4. Iceland has glaciers located in many regions about the island, but most of the
ice is located in one large ice cap, Vatnajökull, which has over 3000 km3 of
ice in it.
a. About 10% of Iceland is covered with glaciers.
b. When an eruption occurs underneath the glacier, an enormous
outrushing of water can occur – a jökulhlaup.
c. The melting of glaciers also creates some spectacular waterfalls
i. Like the multi-stepped Gullfoss (Golden Falls), or Dettifoss
5. No geologist doubts that Iceland is a hotspot, with an enormous outpouring
of lava at this one location. But there is a huge debate as to what is actually
causing it.
a. Seismic tomography does show a region of warm rock extending
down into the mantle, but it is not clear how far down it goes; might
not go all the way down to the top of the core, as with Hawaii
b. The hotspot also doesn’t seem to be “hot:” the surrounding crust
doesn’t have unusually high heat flows, as with Hawaii. There is just a
whole lot of lava flowing out!
c. However, there IS a large gravity anomaly – the whole crust in that
regions seems to be lifted up from below, which is supportive of the
idea of a mantle plume there.
d. One hypothesis – it is a “wet spot,” a region of slightly higher water
content in the mantle rock, which lets it melt more easily.
e. Or, it could be former ancient ocean crust that got subducted the last
time the Atlantic closed up, and is still floating around down there. It
melts more easily, so as it is slowly pulled toward the ridge, it melts
more voluminously.
f. One thing for certain, when the Iceland hotspot first appeared, it had
an effect even greater than changing European climates or shutting
down airports; it tore off a piece of Europe!
i. When Pangaea started breaking up, Greenland was part of
Europe, directly adjacent to Scandinavia.
ii. The Mid-Atlantic ridge ran up between Labrador (Canada) and
Greenland, through what is now the Labrador Sea. The first
outpourings of lava were about 65 million years ago. It came
out in several areas, and some people hypothesize the plume
was under Greenland and came out in several locations.
iii. About 35 million years ago, however, the bulk of the Iceland
hotspot lava came out between Greenland and Scandinavia,
(remains seen on both sides of the Atlantic there), and the MidAtlantic ridge jumped!
iv. Like perforating a piece of paper.
v. Labrador sea is now extinct, though still gets a few
earthquakes now and then.
vi. Iceland’s oldest observed lava is 20 million years old.
1. Q? Is the ridge there because of the hotspot, or is the
hotspot there because of the ridge.
2. Lab experiments (corn syrup) and computer
simulations show that either could be the case.
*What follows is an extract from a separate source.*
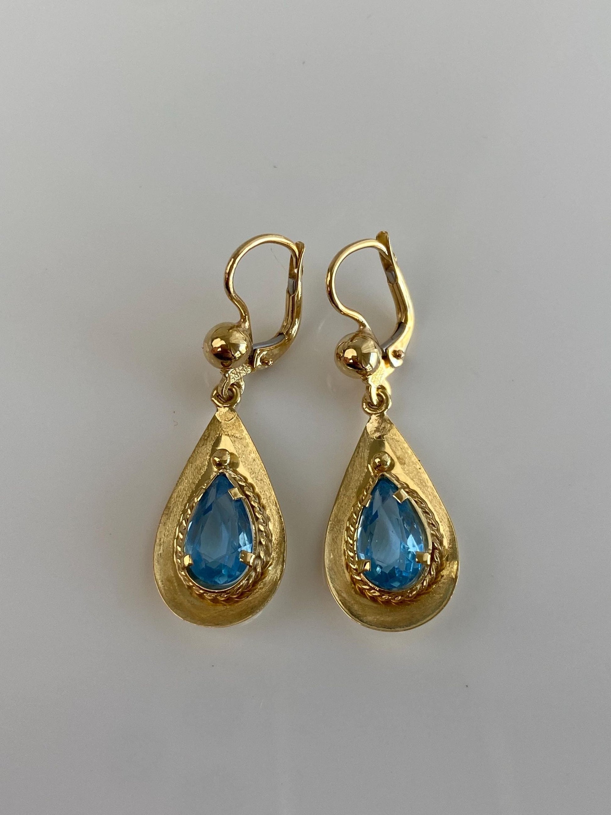 Vintage Solid 18k Yellow Gold Blue Cubic Zirconia Teardrop Dangle Earrings

3. Won’t know for 10s of millions of years, perhaps.
vii. It may be the case that when a supercontinent like Pangaea
breaks up, mantle plumes like Iceland are responsible for
determining exactly where the plates break.
6. Top 5:
a. Tristan de Cunha – first erupted when SAmer and Afr broke up
i. May have triggered the separation
ii. Seen in Parana (Brazil) and Etandeka (Angola/Namibia) flood
basalts that are >135 Ma old.
iii. Tristan is now at the ridge, still active
b. St. Peter and St. Paul rocks – islands at the equator in the Atlantic
Ocean. – Faulting has pulled the crust off of the mantle, exposing
mantle rock (peridotite). In fact, only place where the mantle is
exposed at the surface.
c. Azores – sit at the junction of 3 plates – NAmer, Eurasian, African.
d. Afar – sits at the end of the Red Sea, and may be responsible for
opening it. More later (in last lecture).
Questions:
1) Why do Iceland’s volcanic eruptions affect Europe more than North America?
2) Iceland gets a lot of its electricity from geothermal and hydroelectric
resources. Why doesn’t it have any resources of coal or oil?
Hawaii should go before Iceland - it is the quintessential hotspot.